*TASK PROMPT*
Look below for the line that contains "Płatki owsiane górskie/błyskawiczne", and write out exactly that line and all remaining lines of the listing, omitting pictures.

*INFORMATION PROVIDED*
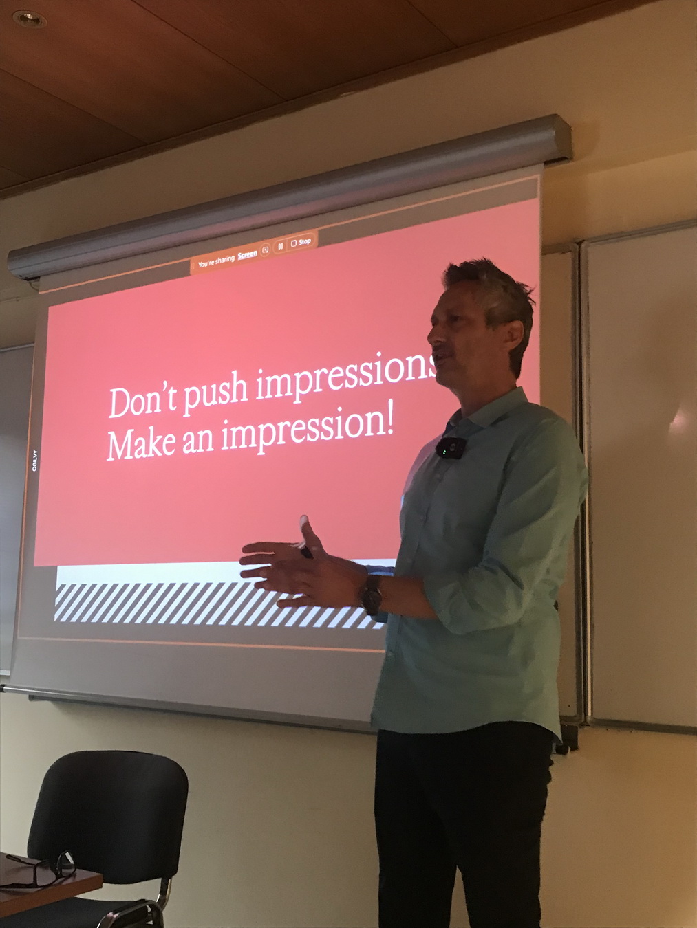 Τον ευχαριστούμε θερμά για τη ξεχωριστή παρουσία του και την έμπνευση που δημιούργησε στους φοιτητές μας, μέσα από τη ματιά ενός κορυφαίου επαγγελματία της σύγχρονης διαφήμισης.
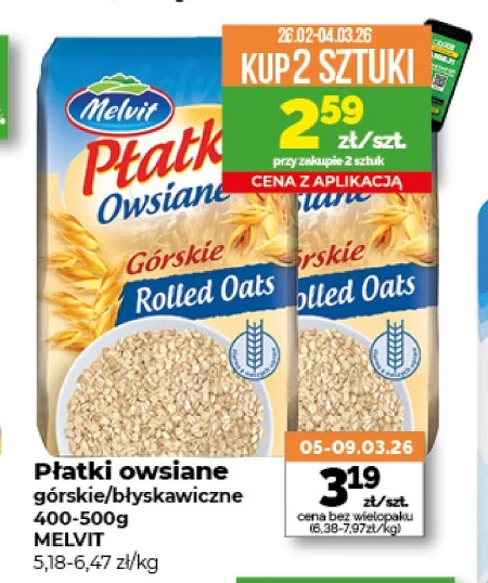 Płatki owsiane górskie/błyskawiczne 400-500g MELVIT 5,18-6,47 zł/kg
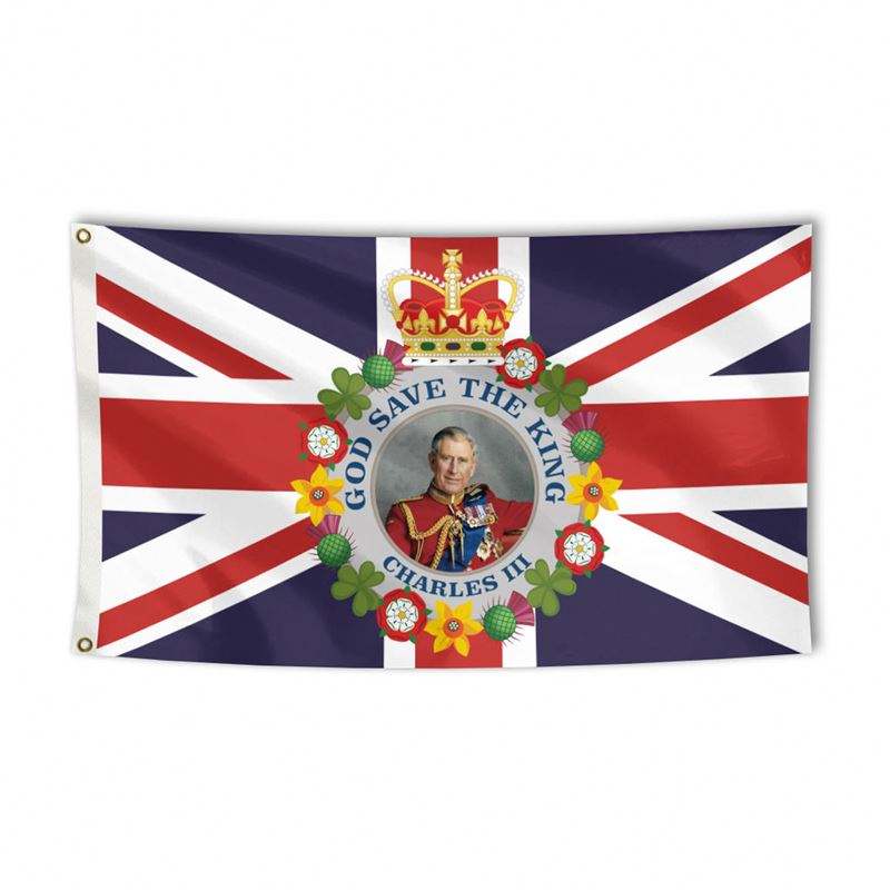 ธงโพลีเอสเตอร์พิมพ์ลายดิจิทัลสองด้านแบบกำหนดเอง รุ่นพิเศษสำหรับงานฉลองสมเด็จพระราชาธิบดีมหัศจรรย์พระเจ้าชาร์ลส์ที่ 3 แห่งสหราชอาณาจักร ปี 2023 ของ Aozhan

*TASK SOLUTION*
 Płatki owsiane górskie/błyskawiczne 400-500g MELVIT 5,18-6,47 zł/kg
 ธงโพลีเอสเตอร์พิมพ์ลายดิจิทัลสองด้านแบบกำหนดเอง รุ่นพิเศษสำหรับงานฉลองสมเด็จพระราชาธิบดีมหัศจรรย์พระเจ้าชาร์ลส์ที่ 3 แห่งสหราชอาณาจักร ปี 2023 ของ Aozhan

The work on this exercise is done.